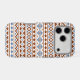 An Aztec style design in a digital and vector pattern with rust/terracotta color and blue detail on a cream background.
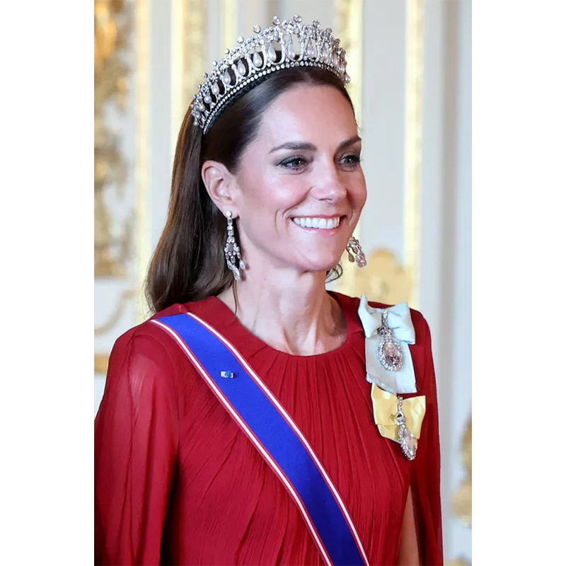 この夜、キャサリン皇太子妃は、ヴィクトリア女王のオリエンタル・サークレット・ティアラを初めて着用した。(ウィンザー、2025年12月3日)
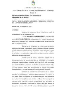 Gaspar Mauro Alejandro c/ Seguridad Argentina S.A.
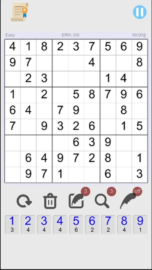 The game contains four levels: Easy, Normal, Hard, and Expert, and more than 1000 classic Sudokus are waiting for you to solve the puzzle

--

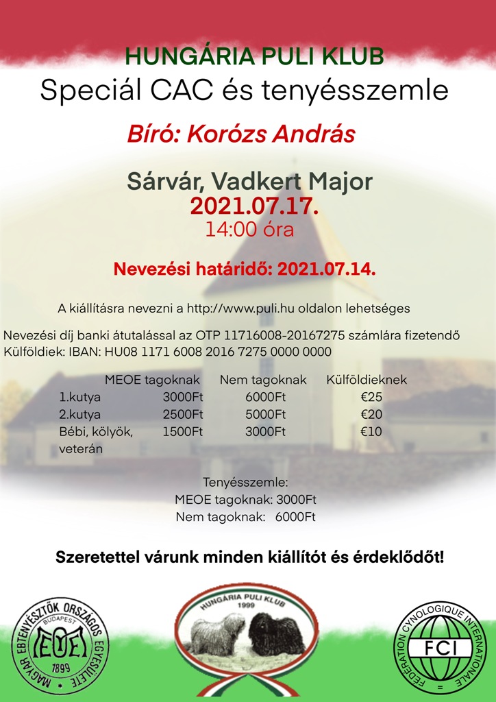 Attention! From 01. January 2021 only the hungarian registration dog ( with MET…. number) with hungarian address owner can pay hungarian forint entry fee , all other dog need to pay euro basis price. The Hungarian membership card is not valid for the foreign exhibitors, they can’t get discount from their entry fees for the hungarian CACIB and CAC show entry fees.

■ **Instructions for the task**: In the listing above, the required lines run from the line with "An Aztec style" through the line with "The game contains". Output exactly those lines, omitting pictures.

■ **Output for this task**:
 An Aztec style design in a digital and vector pattern with rust/terracotta color and blue detail on a cream background.
 この夜、キャサリン皇太子妃は、ヴィクトリア女王のオリエンタル・サークレット・ティアラを初めて着用した。(ウィンザー、2025年12月3日)
 Gaspar Mauro Alejandro c/ Seguridad Argentina S.A.
 The game contains four levels: Easy, Normal, Hard, and Expert, and more than 1000 classic Sudokus are waiting for you to solve the puzzle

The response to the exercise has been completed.